Best of AP — Honorable Mention

Peru’s disappeared: Dozens look for relatives lost to violence. A woman who knows their sorrow helps

Lidia Flores, the leader of the National Association of Relatives of Detained and Disappeared Persons of Peru, poses for a portrait in Ayacucho, Peru, Tuesday, Oct. 22, 2024. Flores' husband was killed in Peru's internal armed conflict (1980-2000). (AP Photo/Silvio La Rosa)
Peru Disappeared

Many of the thousands who have disappeared in Latin America over decades have never been found, presumed victims of dictatorships, insurgencies, or organized crime. While the mass disappearances in Argentina and Chile are well known, similarly wrenching traumas elsewhere in the region have received far less attention.

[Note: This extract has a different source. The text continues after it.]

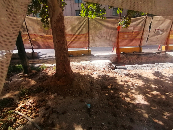 Αρνητική όμως η εικόνα μπροστά απ' αυτό, με τα έργα που έχουν αρχίσει εδώ και ενάμιση χρόνο και ακόμη… εξελίσσονται. Όσες φορές κι αν έχω περάσει από το σημείο εκείνο τους περασμένους μήνες, δεν έχω δει ούτε έναν άνθρωπο να δουλεύει. Ίσως αυτό να 'ναι τυχαίο γεγονός, αλλά η κατάσταση αυτή έχει φτάσει τους ανθρώπους που εργάζονται εκεί στα όριά τους: «Από τότε που άρχισαν τα σκαψίσματα, έχουν εμφανιστεί τρεις φορές», μου λέει η υπεύθυνη του Καφέ, η Ιωάννα Πεπελάση, και συνεχίζει, εμφανώς εκνευρισμένη: «Έχουμε ταλαιπωρηθεί αφάνταστα. Μας παίρνουν συνέχεια τηλέφωνο και μας ρωτάνε αν είμαστε κλειστά, μια και ο κόσμος βλέπει αυτά τα έργα μπροστά. Αντιμετωπίζουμε πλέον μεγάλο πρόβλημα με διαφυγόντα κέρδη. Η κατάσταση είναι απελπιστική... Τη μόνη φορά που υπήρξε άμεση αντίδραση ήταν όταν διαμαρτυρηθήκαμε για τα σκουπίδια που είχαν μαζευτεί εκεί μέσα. Ήρθαν και τα μάζεψαν αμέσως. Ο αντιδήμαρχος Καθαριότητας & Ανακύκλωσης, κος Ν. Αβραμίδης, είναι πολύ αποτελεσματικός».

Over several months, religion reporter Maria Teresa Hernandez traveled to Peru, Colombia, and Paraguay, where many families continue to search for answers, enduring years of uncertainty and a lack of official justice.

Several people shared haunting stories of their quests with Hernandez. AP photographers Guadalupe Pardo, Ivan Valencia, Silvio La Rosa, and Jorge Saenz provided compelling images to accompany her stories in both Spanish and English.

The judges commended Hernandez for shedding light on this ongoing tragedy in places often overlooked by global media and for putting human faces to the struggles of thousands of families.